A CCR5 expression vector, pCCR5/CEP4, was constructed based on the pCEP4 expression vector (Invitrogen), which possesses the Epstein-Barr nuclear antigen 1 episomal-expression gene. The CCR5 gene was inserted into the vector by using NotI and SnaB I restriction sites on the vector. Expression of the CCR5 gene was constitutive under the control of a CMV promoter.
Selection of host cell line and establishment of new reporter cell lines. To design new reporter cell lines for quantifying HIV-1 replication, we selected the murine leukemia virus-transformed human T-cell line HPB-Ma, established by Y. K. Shimizu and H. Yoshikura (16, 29, 40), because of its high susceptibility to HIV-1 and its stable expression of CD4 and CXCR4. HPB-Ma cells were maintained at 37°C in 5% CO2 in complete RPMI 1640 medium (Sigma, Tokyo, Japan) supplemented with 10% fetal calf serum (HyClone, Logan, UT) and 1% penicillin-streptomycin (Invitrogen, Tokyo, Japan). Cells were transfected by electroporation with the two luciferase expression vectors, 53LTRN-lucneor#1 and pRenillaPac. Plasmid DNA (10 µg) was mixed with HPB-Ma cells (5 x 106 cells in 500 µl phosphate-buffered saline), and the mixture was incubated for 5 min at 4°C and electropulsed with a Gene Pulser II apparatus (Bio-Rad, Hercules, CA) at 250 V and 950 µF. After electroporation, the cells were resuspended in complete medium and incubated at 37°C in 5% CO2. Subsequently, cells with incorporated plasmids were selected with 0.1 µg/ml puromycin (BD Biosciences, San Jose, CA) and 250 µg/ml Geneticin (Invitrogen), maintained in complete medium for several weeks, and enriched with cell populations expressing high levels of CD4 and CXCR4 by fluorescence-activated cell sorting with a FACSVantage system (BD Biosciences). Finally, clones were generated by limiting dilution and selected if they showed high sensitivity to HIV-1 and low spontaneous expression of FL and DsRed.
Since the parent HPB-Ma cell line expresses only the CXCR4 receptor, we extended the spectrum of the reporter cell lines to include R5-tropic viral isolates by transfecting cells by electroporation with a CCR5 expression plasmid. Clones were selected by incubating for several weeks with 0.1 µg/ml puromycin, 250 µg/ml Geneticin, and 150 µg/ml hygromycin B. Selected cells were recloned, and the expression of cell surface markers was confirmed by using FACSCaliber (Becton Dickinson, San Jose, CA). CD4, CXCR4, and CCR5 receptors were stained with SK-3-Cy5.5, 12G5-phycoerythrin, and 2D7-fluorescein isothiocyanate monoclonal antibodies, respectively (all from BD Biosciences, San Jose, CA).
Evaluation of introduced reporter gene functions. To confirm the ability of FL activity to reliably measure virus titer and production, established cell lines were plated into 96-well plates at 105 cells per well and inoculated with 50 to 400 50% tissue culture infective doses (TCID50) of HXB2 or JRCSF. After 7 days of culture with the test viruses, cells were harvested and lysed in 75 µl of luciferase assay reagent. FL activity was quantified using a Dual-Glo luciferase reporter assay system (Promega, Madison, WI) and an LMax microplate luminometer (Molecular Devices, Sunnyvale, CA). Virus production was also quantified by using the p24 antigen enzyme-linked immunosorbent assay RETROtek kit (ZeproMetrix Co., Buffalo, NY) and compared with FL activity.

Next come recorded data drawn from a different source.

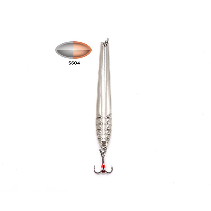 У блесны узкая вытянутая пластина, в лицевой части чуть изогнутая. Такая форма обуславливает соблазнительную выразительную игру: приманка красиво покачивается и отклоняется в сторону от вертикали на подбросах различной интенсивности. Блестящая поверхность пластины при попадании света заманчиво бликует. Спереди в нижней части есть фигурное рифление.
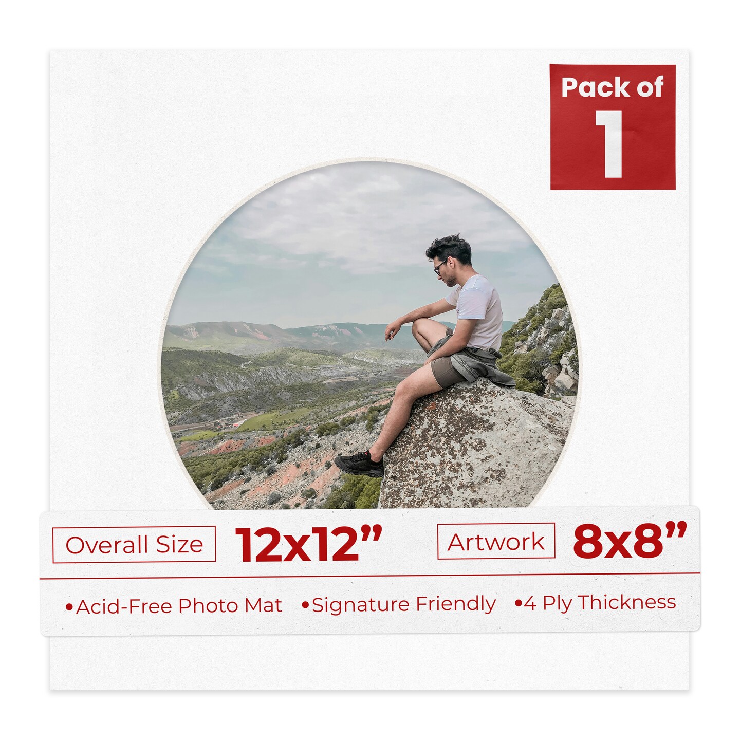 White with Black Core Mat Board for 12x12 Frames - Circle Opening for 8x8 Photos
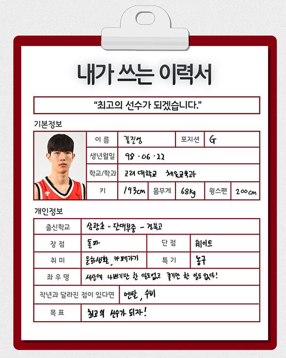 [점프볼=강현지 기자] 2019 KBL 국내신인선수 드래프트에 나오는 예비 프로들이 쓰는 취업이력서. 스물 한 번째 주인공은 장신 가드 유망주, 고려대 김진영(G, 193cm)이다. 한국농구의 황금기였던 농구대잔치 세대에서 기아자동차 천하를 이끌었고, 현재는 SPOTV 해설위원으로 활동 중인 김유택 전 감독(중앙대)이 그의 아버지. 실루엣까지도 닮은 부자지만, 포지션만큼은 다르다. 신장에다 스피드까지 갖춰 앞선과 골밑까지도 커버가 가능한 것이 그의 장점. “최고의 선수가 되고 싶다”라고 외치며 남들보다 1년 일찍 프로무대에 나서는 김진영의 각오를 들어봤다.

The validity of using RL activity to monitor MaRBLE cell numbers was evaluated by measuring RL activity in various numbers of cells and determining the correlation between RL activity and cell numbers. The correlation between RL activity and cell viability was also confirmed in cell killing assays with two anticancer drugs, hygromycin B (Invitrogen, Tokyo, Japan) and blasticidin S (Funakoshi, Tokyo, Japan). Target cells were plated into 96-well plates at 105 cells per well, and hygromycin B (15.6 to 500 µg/ml) and blasticidin S (1.25 to 20 µg/ml) were added. After 7 days of culture, cells were harvested and RL activity was measured by using the Dual-Glo luciferase reporter assay system (Promega) and the percentage of cell killing was determined by trypan blue staining.
Preparation of recombinant and patient-derived viruses. Recombinant viruses with point mutations were constructed as described elsewhere (25). In brief, drug resistance mutations were introduced into the RT and protease genes of the HXB2 clone by site-directed mutagenesis (28). MT-2 cells (5 x 106 human T-lymphoblastoid cells) were then transfected by electroporation with the recombinant virus plasmids, and the cells were maintained in 10 ml of complete medium for 7 to 14 days. Half the culture supernatant was harvested and replaced with fresh medium every other day. Viral replication was monitored by measuring RT activity in the supernatant, and the sample with the highest RT activity was used in subsequent studies.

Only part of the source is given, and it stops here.